If you have a chronic illness, and illnesses like CFIDS, Fibromyalgia and IC Disease, you have probably heard this a lot from people – “You don’t look sick!”
But what does “sick” really look like? What is the image of “sick” that people think of when they say this? I personally know two people right now who have cancer, yet they don’t look sick at all. Right now, my brother-in-law actually looks pretty good because he has lost 30 pounds and you would never know that he was sick, although he is very sick.
This is something I have continually pondered. When you see someone with MS, Rheumatoid Arthritis, cancer, lupus, sickle cell, etc. do you doubt that they are in fact ill? So why is it that we are continually told, “You don’t look sick”? Can anyone rationalize this for me?
What do you picture when you think of someone who is sick? Is it a picture of Tom Hanks at the end of Philadelphia when he died of Aids? Is it seeing a loved one at the end stages of a terminal disease? What thoughts go through your mind? Then ask yourself if in fact you do not think that someone can be sick if they don’t “look the part”, so to speak.
It is the same with handicapped parking – have you ever noticed that at several places the handicapped parking will be further away from the door then some of the regular parking? I have been taking notice to this. They put the handicapped parking where they can best accommodate a wheelchair, regardless of where the front door is. And when you think of handicapped, I am sure that you immediately picture someone in a wheelchair. But you can be physically handicapped without being in a wheelchair. There are people who have to use canes, walkers, and those with other chronic illnesses who cannot walk more than a few feet at a time. But to a lot of society, that is not considered “handicapped”.

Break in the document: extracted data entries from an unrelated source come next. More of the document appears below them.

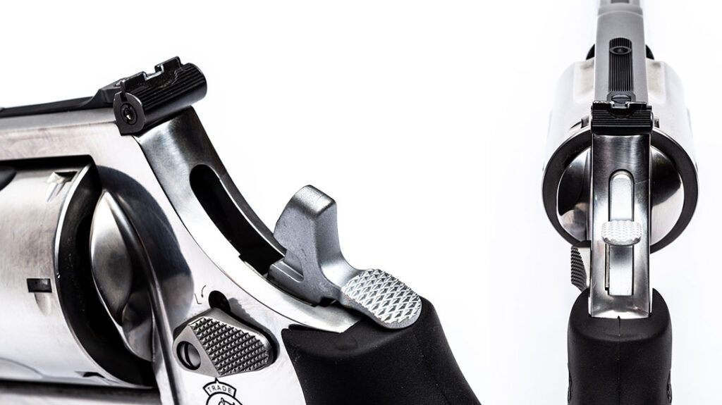 Smith & Wesson equips the M350 with a standard width trigger. It is devoid of any grooves or serrations and has radiused edges for smooth double-action shooting. Cocking the behemoth’s hammer is easy, and it possesses a sharply checkered spur. This is because S&W understands that most hunters will take advantage of the gun’s light and crisp single-action for a precision game shot.
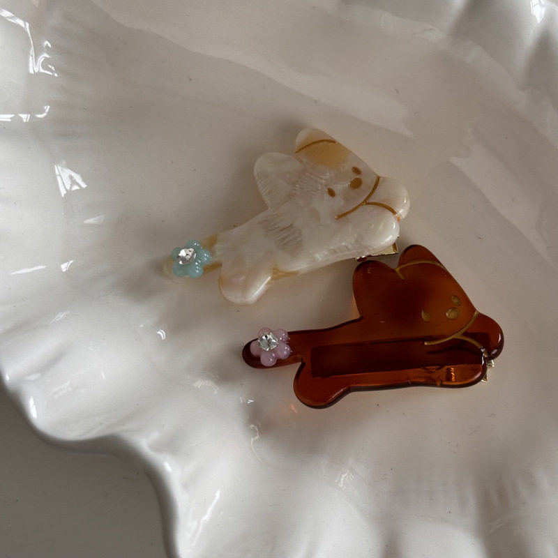 可爱花朵小猫咪醋酸发夹刘海夹创意侧边夹发饰个性卡通头饰发卡女
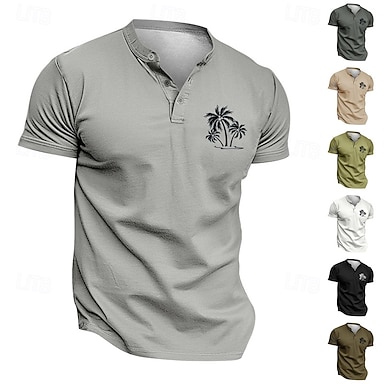 Per uomo Maglietta Maglia Henley Camicia a Maniche Corte Manica Corta Henley Estate Primavera Palma Moda Streetwear Casual Bottoni Stampato Quotidiano Vacanza Sport & Outdoor Nero Verde chiaro Bianco

I often wonder where we get these ideas as well. What makes us think this way? Any thoughts?
I get this often. I was raised that Looks are Very important and people judge you, so I always look my best. Having become disabled after my last surgery, this has become difficult but most people do not realize how sick I am. Pride. Suffering severe pain and fatigue is easy to disguise most of the time and having issues to deal with such as SSDI is alowing me to Fall-through-the-cracks.Denided. I can’t allow myself to look unkept,wanting pity, sympathy,to gain finacial help. I sabitaugh my claim.